An advertising poster by one of Polish mobile operators featuring a caricature of former Soviet leader Vladimir Lenin is pictured in Warsaw on January 8, 2013. (AFP Photo/Janek Skarzynski)
A leading Polish mobile operator had to retract its newly-launched advertising campaign featuring Soviet communist leader Vladimir Lenin after facing a wave of protests.
In the ads for Polska Telefonia Cyfrowa, a cartoon of Lenin urged customers to sign up for the company’s newest offer.
The use of Lenin for marketing purposes outraged Polish activists. Lukasz Kaminski, head of the Institute of National Remembrance, condemned the campaign, saying it “is irresponsible and trivializes mass crimes and their victims.”
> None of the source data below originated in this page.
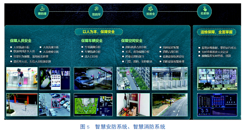 智慧安防系统、消防系统基于视频支撑平台及物联网平台能力,主要用于全园区的视频数据及烟、水、电、可燃气体、报警等多种数据进行采集,安消系统相融合,实现园区安全全局可知、实时可视,做到看得清、防得早,控得全、处得快(见图 5)。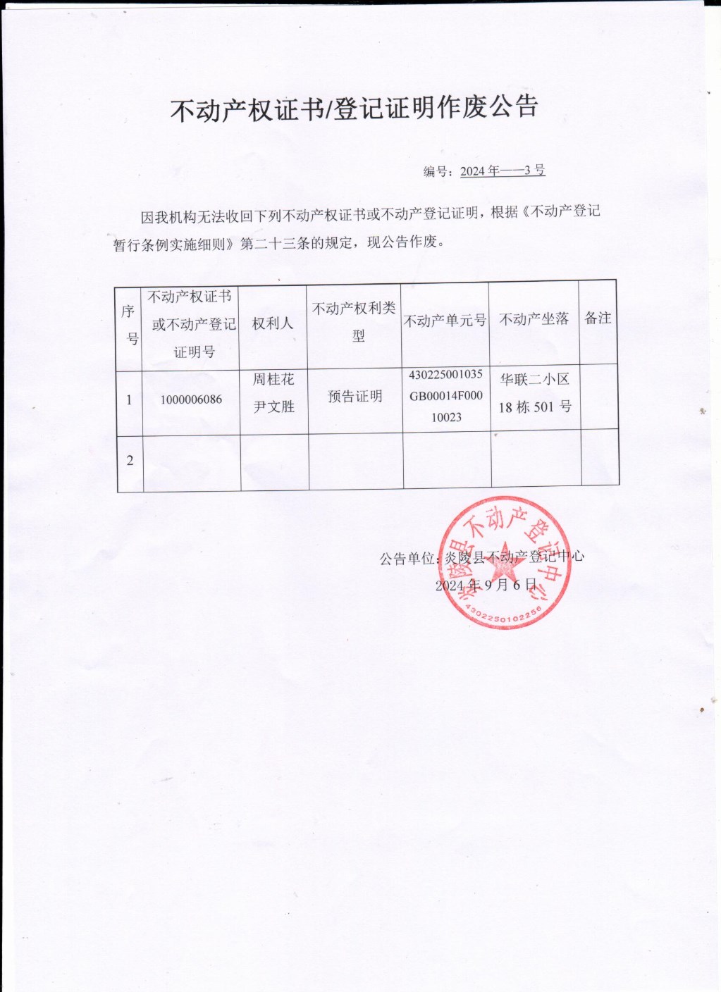 周桂花、尹文胜黄颖--不动产预告证明作废公告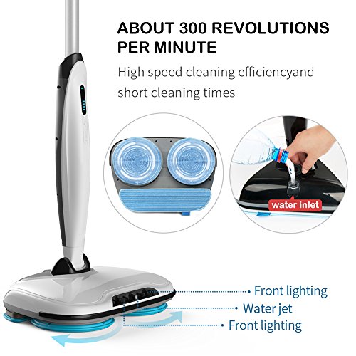 ✪ENVIRONMENTALLY and NONWOVENS:The rechargeable mop comes with 3 interchangeable washable pads save your money and time. Simply remove, pop the microfiber attachments in the washing machine and it will come out like new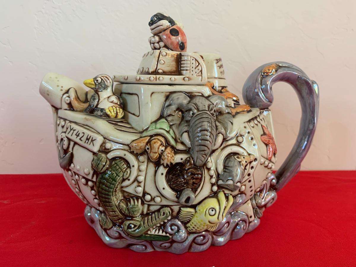 Like new ceramic Harmony Kingdom Noah’s Ark teapot. 10” long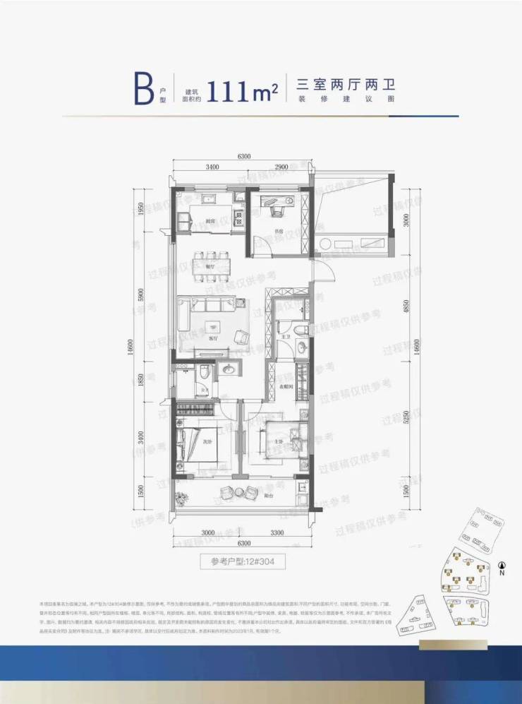 建面约111方三房两厅两卫边套户型,设计地极为优秀! 户型方正,三面采光,并且每个空间的采光面都比较大。U型厨房,餐客厅一体,全明卫,客卫干湿分离,还拥有超豪华主卧套房,与南次卧带连通跑道式阳台。此外,这个户型从入户玄关、客厅橱柜,到主卧的衣帽间等等,都预留了超大的收纳空间。

INR is a Polish government-affiliated organization mainly investigating Nazi and Soviet crimes committed in Poland between 1939 and 1989.
The mobile company reacted immediately by shutting the controversial campaign down.
“In view of the unfavorable comments that have been expressed against the campaign, as well as the emergence of ideological threads in the discussion, we have decided to end [the campaign],” the company said in the official statement.
Along with other Soviet Communist leaders, the name of Lenin invokes negative sentiment in Poland, as many still remember the crimes committed by the Soviet Union against the Polish people.
In May 2012, protests broke out in Polish Gdansk as Lenin`s name was temporarily reinstated for a movie shoot.
Over a hundred protesters gathered together singing “We will hang communists on the trees instead of leaves” and throwing eggs at portraits of communist leaders.